Cable television networks are no longer purely distribution networks used for TV and radio distribution, but now also provide access for the customer to the networks. Thus TV and radio signals are distributed from a local centre or optical node by way of a signal splitter/combiner with an output connected to each customer. Return traffic from each customer is returned through the splitter/combiner to the local centre or optical node and thence to the rest of the network. Such return traffic might include requests for pay-per-view television programmes.
Usually the traffic from the customer to the local centre or optical node is called “return path traffic” or “upstream signals”. The upstream signals are transported using a different frequency range than the distribution signals (usually called “downstream signals”) originating from the network provider. Modern cable TV networks typically use 5 MHz to 65 MHz for upstream signals and 85 MHz to 862 MHz for downstream signals, although other frequency ranges are also used.
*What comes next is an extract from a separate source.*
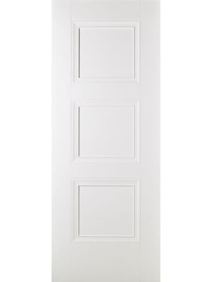 Traditional glazed internal white primed door with three square glass panels surrounded by rich, decorative mouldings. This door is available in a range of sizes and matching models are also available including solid FD30 fire door and a solid non-fire rated door.

All upstream signals, no matter how they originate, are transported to the local centre or optical node. Thus unwanted noise in upstream signals will also be injected into the network. The unwanted signals originate from various sources but a major part is due to radiation of outside transmitters in the used upstream frequency range. The total sum of these unwanted signals is known as “ingress”. The majority of ingress originates from the in-house installation of the customer and is therefore injected into the network at a customer access point. This ingress is a major problem in the network since all these unwanted signals are summed and will limit the signal to noise ratio (and therefore the capacity) of the upstream signals.
It is an aim of the present invention to provide a signal splitter/combiner which reduces noise ingress into a cable television distribution network.